### Task material
+ + + + +
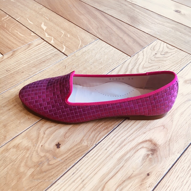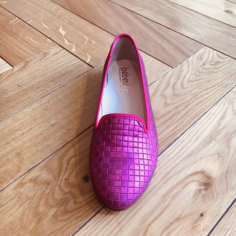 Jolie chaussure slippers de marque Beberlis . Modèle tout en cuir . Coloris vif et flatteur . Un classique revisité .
+ + + + +
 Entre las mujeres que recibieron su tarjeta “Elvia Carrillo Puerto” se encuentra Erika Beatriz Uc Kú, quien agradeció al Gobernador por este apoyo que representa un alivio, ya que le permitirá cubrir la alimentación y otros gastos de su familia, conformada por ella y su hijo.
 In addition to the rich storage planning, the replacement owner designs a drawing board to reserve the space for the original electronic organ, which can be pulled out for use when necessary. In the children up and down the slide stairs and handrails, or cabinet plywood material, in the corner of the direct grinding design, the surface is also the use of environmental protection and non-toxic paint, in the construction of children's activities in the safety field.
+ + + + +
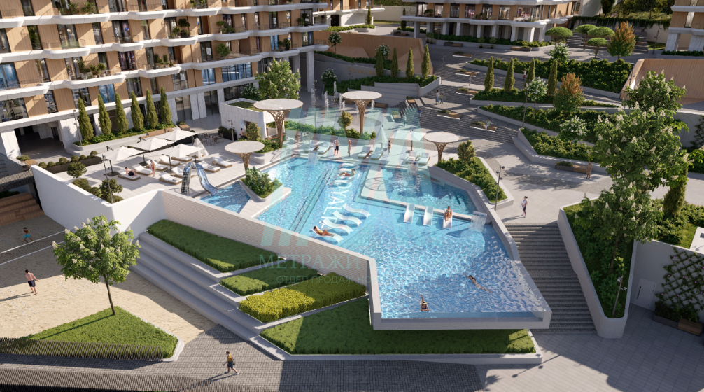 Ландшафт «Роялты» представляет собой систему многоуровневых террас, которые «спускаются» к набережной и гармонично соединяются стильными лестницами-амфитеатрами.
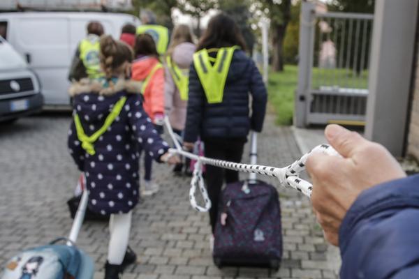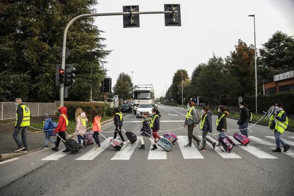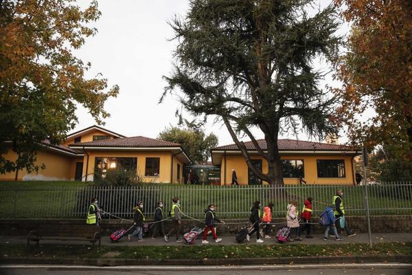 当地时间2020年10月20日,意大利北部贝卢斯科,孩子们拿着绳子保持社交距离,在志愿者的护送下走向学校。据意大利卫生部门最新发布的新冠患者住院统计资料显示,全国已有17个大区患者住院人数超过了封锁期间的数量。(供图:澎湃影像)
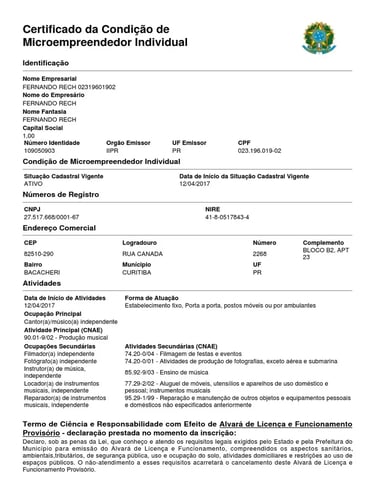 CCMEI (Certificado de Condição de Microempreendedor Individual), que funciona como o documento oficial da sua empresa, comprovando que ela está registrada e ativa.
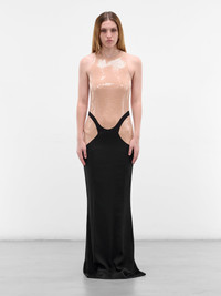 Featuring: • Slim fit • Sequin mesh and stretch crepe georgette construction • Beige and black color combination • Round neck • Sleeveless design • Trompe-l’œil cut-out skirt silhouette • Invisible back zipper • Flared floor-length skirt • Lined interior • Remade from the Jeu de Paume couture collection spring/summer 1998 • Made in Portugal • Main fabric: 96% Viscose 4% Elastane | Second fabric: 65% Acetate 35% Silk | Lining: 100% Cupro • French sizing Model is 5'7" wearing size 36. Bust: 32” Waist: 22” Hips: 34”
+ + + + +
### What you have to do
Working from the records above, set down word for word everything from the line containing "соединяются стильными лестницами-амфитеатрами." down to the line containing "Featuring: • Slim", ends included, minus the pictures.

### Result of this exercise
 Ландшафт «Роялты» представляет собой систему многоуровневых террас, которые «спускаются» к набережной и гармонично соединяются стильными лестницами-амфитеатрами.
 当地时间2020年10月20日,意大利北部贝卢斯科,孩子们拿着绳子保持社交距离,在志愿者的护送下走向学校。据意大利卫生部门最新发布的新冠患者住院统计资料显示,全国已有17个大区患者住院人数超过了封锁期间的数量。(供图:澎湃影像)
 CCMEI (Certificado de Condição de Microempreendedor Individual), que funciona como o documento oficial da sua empresa, comprovando que ela está registrada e ativa.
 Featuring: • Slim fit • Sequin mesh and stretch crepe georgette construction • Beige and black color combination • Round neck • Sleeveless design • Trompe-l’œil cut-out skirt silhouette • Invisible back zipper • Flared floor-length skirt • Lined interior • Remade from the Jeu de Paume couture collection spring/summer 1998 • Made in Portugal • Main fabric: 96% Viscose 4% Elastane | Second fabric: 65% Acetate 35% Silk | Lining: 100% Cupro • French sizing Model is 5'7" wearing size 36. Bust: 32” Waist: 22” Hips: 34”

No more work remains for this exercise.